Please read today's posted poem, Séance, before trying this prompt or reading on.
{little dance while I wait for you to read Séance}
Okay. Let's get to the prompt.
I have no idea if Brennan Bestwick's marvelous poem is based on an actual story, although it reads as if it was. I love how he takes a tragedy from the past, imbues it with birds resurrecting the drowned boys, and also brings in "those of us who have never died" who find safety in the woods. The mixture of "reality" (whether or not it is actual, it reads like it is) with the surreal makes this a haunting (hahaha! pun intended) poem.

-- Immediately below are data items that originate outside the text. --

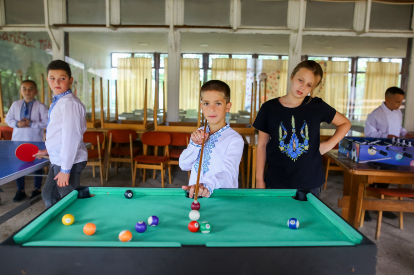 Egy világoskék szemű 13 éves fiú elmondja, hogy nagyon tetszik neki Magyarország, még soha nem járt itt, ez az első alkalom. „Jó, hogy ilyen nagy tó van itt, a magyar tenger.” Kíváncsi vagyok, tudott-e máshol nyaralni idén, azt feleli, Kijevben járt. A többiekkel focizni, csocsózni, biliárdozni szoktak, felfedezik a környezetet, kisétálnak a Balatonhoz.
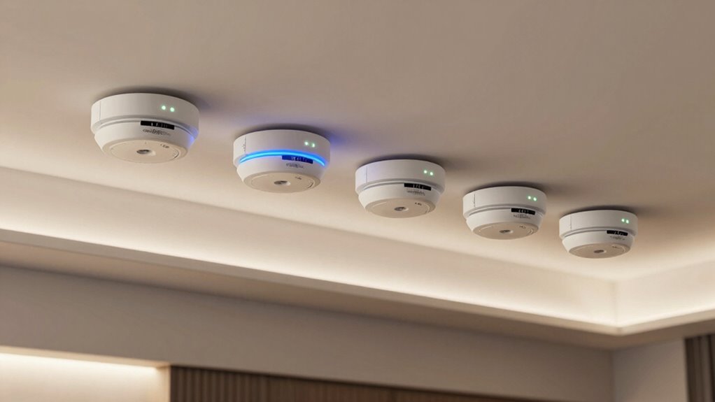 Choosing the right connectivity options is vital to guarantee your smart smoke detector works seamlessly and keeps you informed in real-time. I look for detectors that support reliable Wi-Fi or Bluetooth, ensuring smooth app integration and instant remote alerts. Compatibility with my existing smart home ecosystem, like Alexa, Google Assistant, or Apple Home, is essential for effortless control. I also prioritize alarms that send real-time notifications through dedicated apps, so I’m alerted immediately to smoke or CO detection. Interconnectivity features are a bonus, allowing multiple units to activate simultaneously for all-encompassing coverage. Finally, I consider detectors that support local automation protocols like Matter or Thread, which provide secure, cloud-independent communication and enhance overall reliability. These connectivity options ensure my home stays safe and responsive.
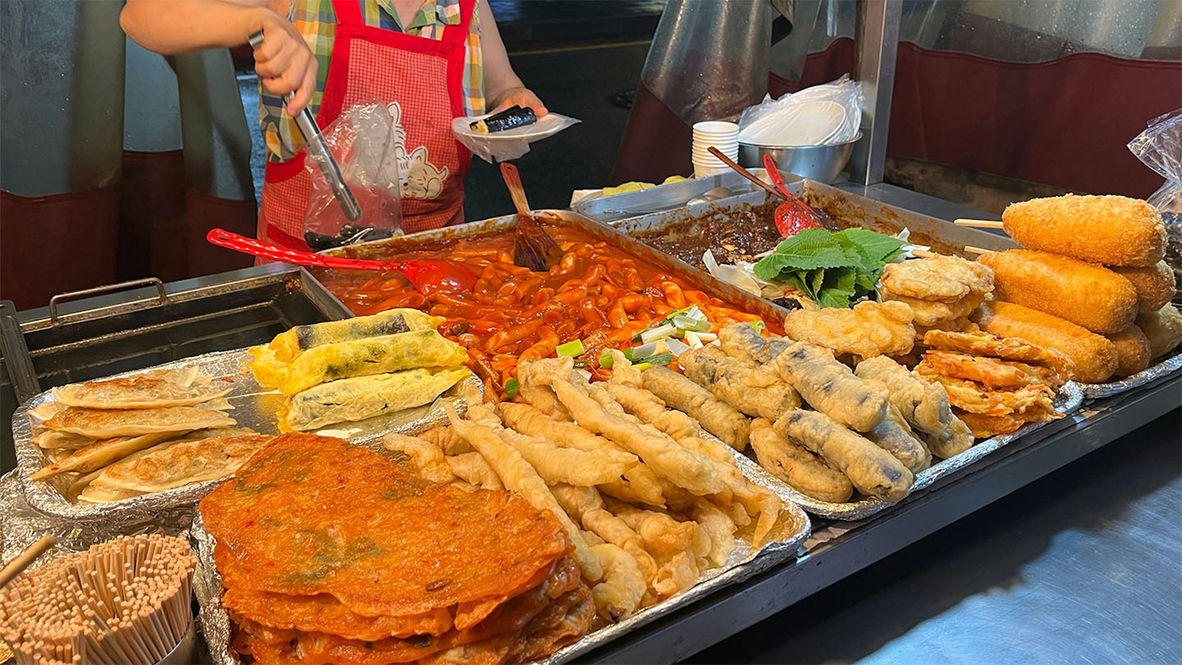 東大門で屋台飯を楽しむなら、東大門総合市場の西側裏通りにある食べ物屋台通りがおすすめ。ここ以外にもミリオレなどの大型ファッションビルが続く通りや、dundun 東大門店がある交差点を乙支路方面に向かう通り沿い、DDPの並びで卸問屋が集まるファッションビル「apM」の前などにも屋台があります。
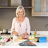 【NATURAL ECO-FRIENDLY INGREDIENTS】: Our Beeswax food wraps are made from 100% natural and organic materials: Organic cotton, organic jojoba oil, Natural beeswax, and natural tree resin. These wraps are all certified with European LFGB, the fabric is GOTS certified and the packaging is made from 100% recycled paper. These wraps are sustainable and natural alternatives to plastic wraps for food. 【MULTIPLE SIZES FOR A SET】: This set come with 9 Packs Beeswax Wraps to wrap everything you need: 5 Small(7.5x7.5"), 3 Medium(11.5x11.5"), and 1 X-Large(14.3x14.3"). Different designs and sizes can cover different foods or bowls. It's great to wrap food leftovers or food you take to the picnic, your office sandwich, in kids lunchboxes or to store well for your fresh produce, fruits, snacks, cheese, bread, sandwiches, nuts and more! 【DURABLE AND LONG-LASTING】: Unique self-adhesive design & double coating make our wraps more durable and long lasting. Our beeswax food wrap provides enough tackiness for food sealing to keep fruits, vegetables and sandwiches fresh. Helps keep food fresher and more hygienic for longer. 【REUSABLE & WASHABLE】: Use the warmth of your hands to soften the wrap and form over a container or foods. Wash in cool water with mild soap and air dry then use again. Our high grade beeswax food wraps will last up to a year with regular use. Keep food wraps away from heat and don't put in the dishwasher. Our reusable food wrap is biodegradable, sustainable and washable. Say goodbye to plastic wrap and cling wrap, and it's a great addition in your eco-friendly kitchen items. 【GREEN LIFE】: It's never too late to promote a plastic-free life with these Eco-Friendly beeswax wraps. The reusable wrap is a sustainable product that is good in quality and easy to use, also fine for the environment. Ideal for an organic lifestyle and a healthy food lifestyle. Also it’s a good gift for your family or friends to protect our earth!
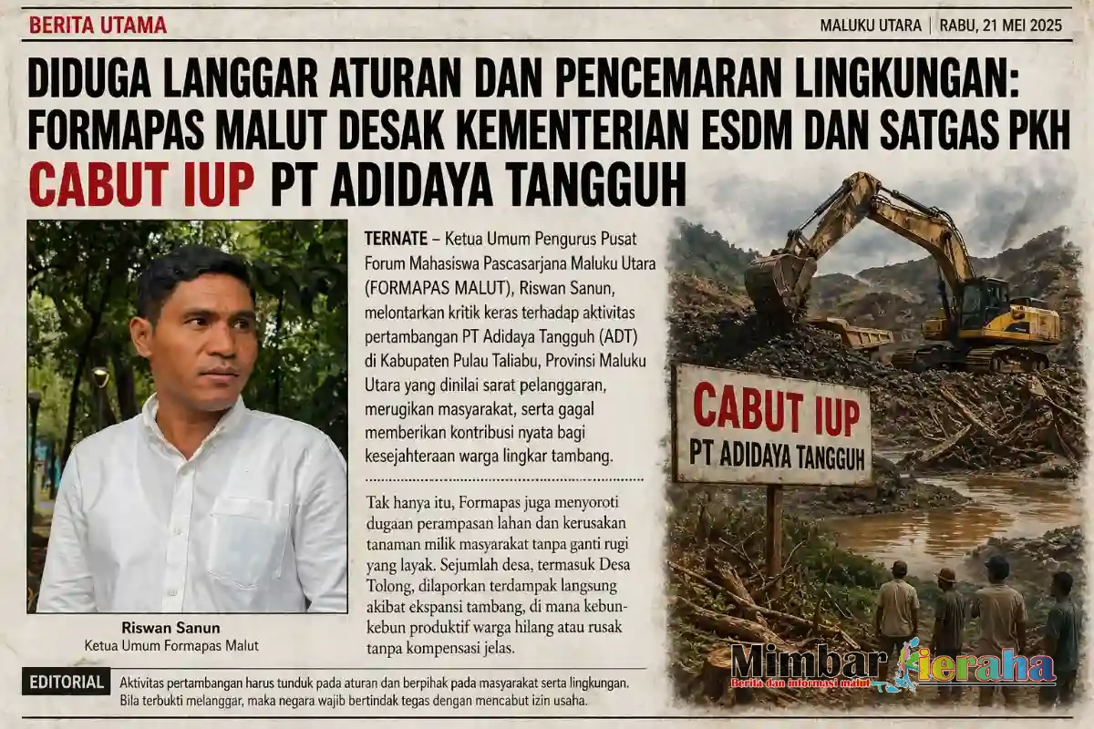 “Negara tidak boleh kalah oleh korporasi. Jika terbukti melanggar, maka tidak ada alasan lain selain mencabut IUP PT Adidaya Tangguh. Ini demi keadilan masyarakat dan penyelamatan lingkungan di Pulau Taliabu,” tutup Riswan.
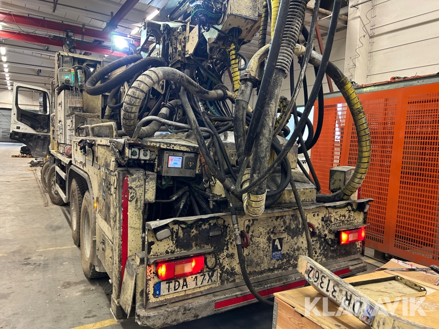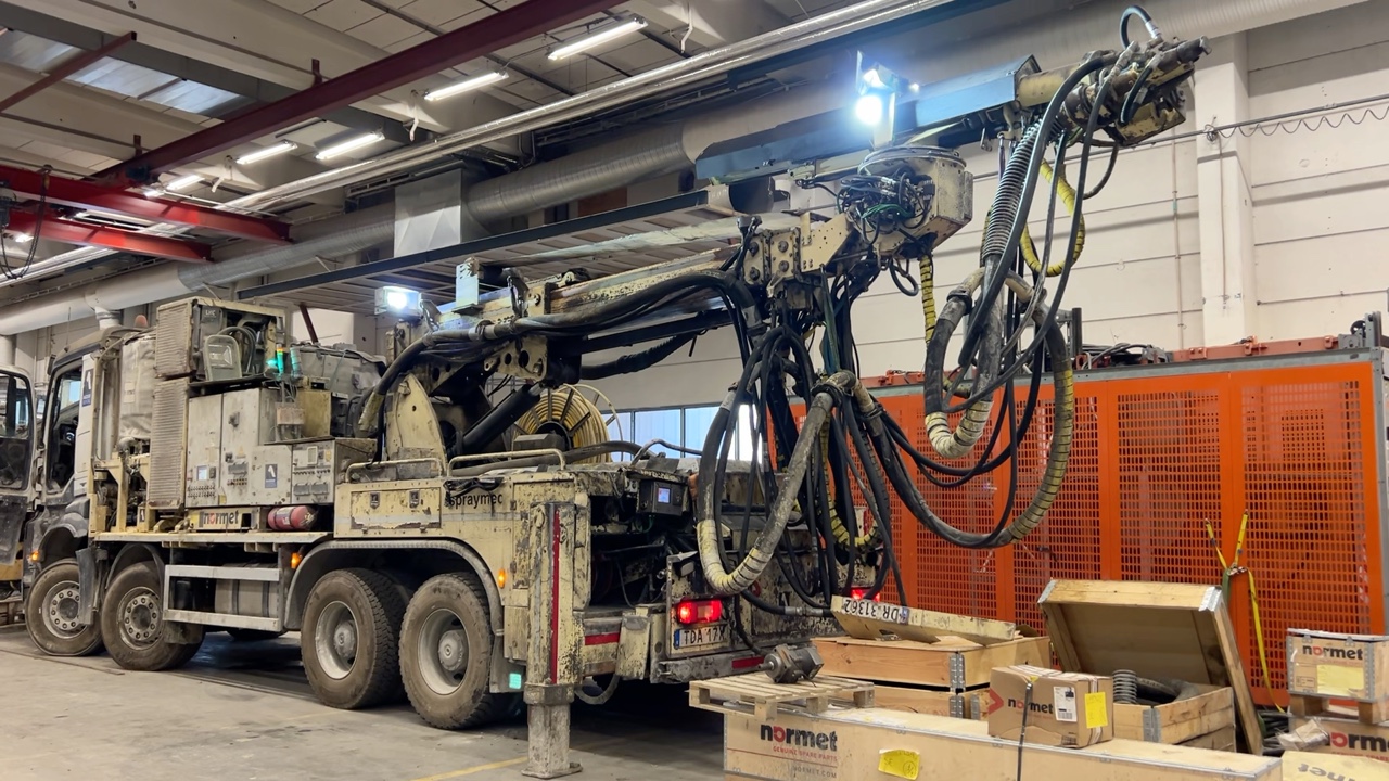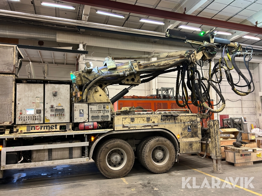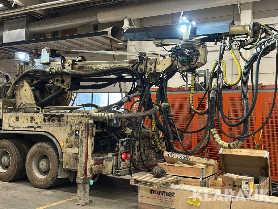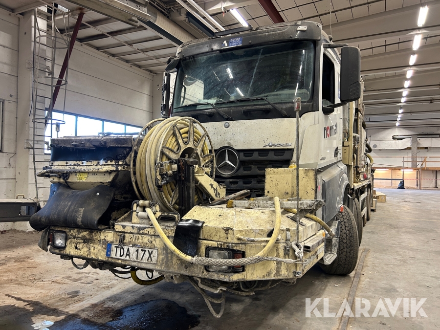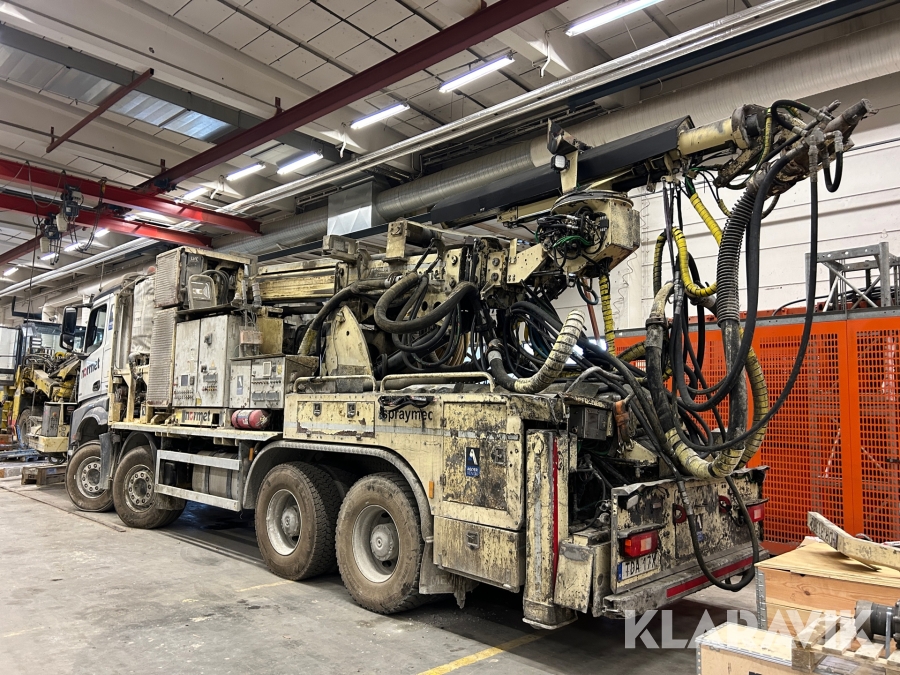 Betongsprutningsrobot Normet Spray Mec Norr Runner 140 DC på en Mercedes-Benz Arocs 4158

Your writing prompt for this week is to take a story from your youth (whenever that was);
it does not need to be a tragedy, only something you remember. If it was a local event, even better, because its affect would have been personal.
Write about that event.
Add in some "opposing" elements. Bestwick does this with water, land, and sky in his poem, and he does so without hitting the reader over the head with it. (Examples: dry and wet; awake and asleep; warm, hot, cool, cold; wealth and poverty; stripes and dots, etc.)
Definitely get some creature or thing doing something they cannot actually do--this is where the surreal comes in. Bestwick uses not just birds, but robins specifically, and you should also be specific with the thing you choose to anthropomorphize.
I can almost guarantee that this prompt will take a while, with numerous revisions, but it will be fun and satisfying.